The task is to arrange the numbers in an alternate fashion such that every positive number is followed by a negative and vice-versa, **maintaining the order of appearance**.

The number of positive and negative numbers need not be equal.

If there are more positive numbers, they appear at the end of the array.

If there are more negative numbers, they too appear at the end of the array.

**Input:** arr[] = {-5, -2, 5, 2, 4, 7, 1, 8, 0, -8}, n=10

**Output:** -5,5,-2,2,-8,4,7,1,8,0

**Input:** arr[] = {-4,1,-1,2,3,4}, n=6

**Output:** -4,1,-1,2,3,4

## Solutions

### Method 1: In O(n) time and O(n) space

In this approach, we use an auxiliary array, **tmp[]** and iterate the input array twice.

In the first iteration, store all **negatives at the start** of tmp[] and all **positives at the end** of tmp[].

In the second iteration, keep track of -ve and +ve elements in the tmp[] array and **fill alternatively** in the original array arr[].

##### Complexity

The time complexity of this solution is **O(n)** and space complexity is **O(n)**.

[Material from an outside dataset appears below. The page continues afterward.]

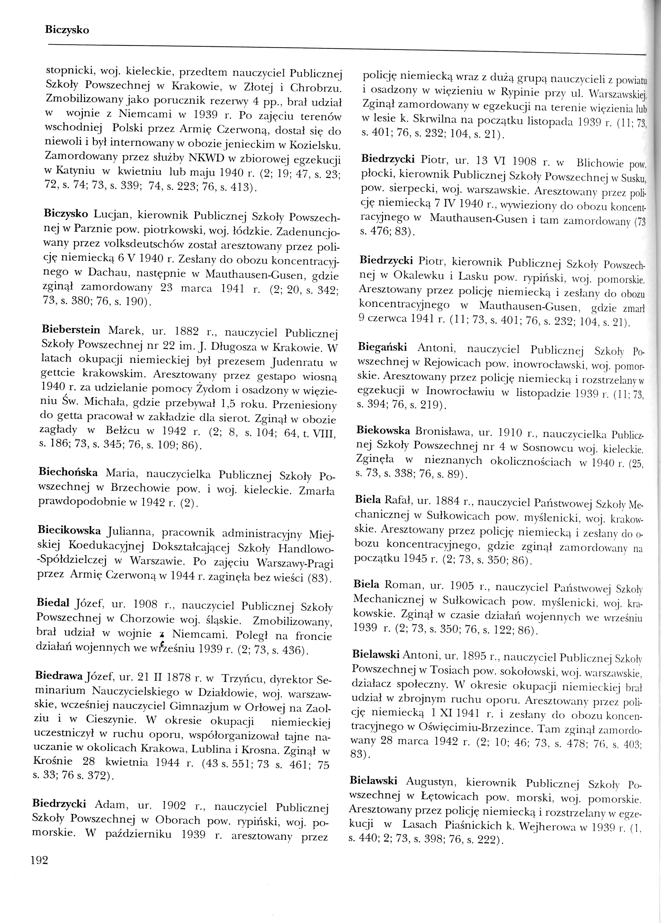 רשימה מתוך ספר זיכרון ובה שמות מורים ועובדי מערכת החינוך בפולין שניספו בתקופת השואה

### Method 2: In O(n^2) time and O(1) space

In this approach, we iterate the array and **keep track of the wrongIndex (-ve in the odd index and +ve in the even index)**.

If the **wrongIndex** is greater than **-1**, we attempt to find the next opposite sign element to the one present on the incorrect index.

Once the opposite sign element is found, we **rotate the array from "wrongIndex" to "i"**.

Also, if the difference between "wrongIndex" and "i" is greater than two, we assign **wrongIndex = wrongIndex+2 (more than one wrongIndex is skipped)**, and if not, wrongIndex = -1.

##### Complexity

The time complexity of this solution is **O(n^2)** and space complexity is **O(1)**.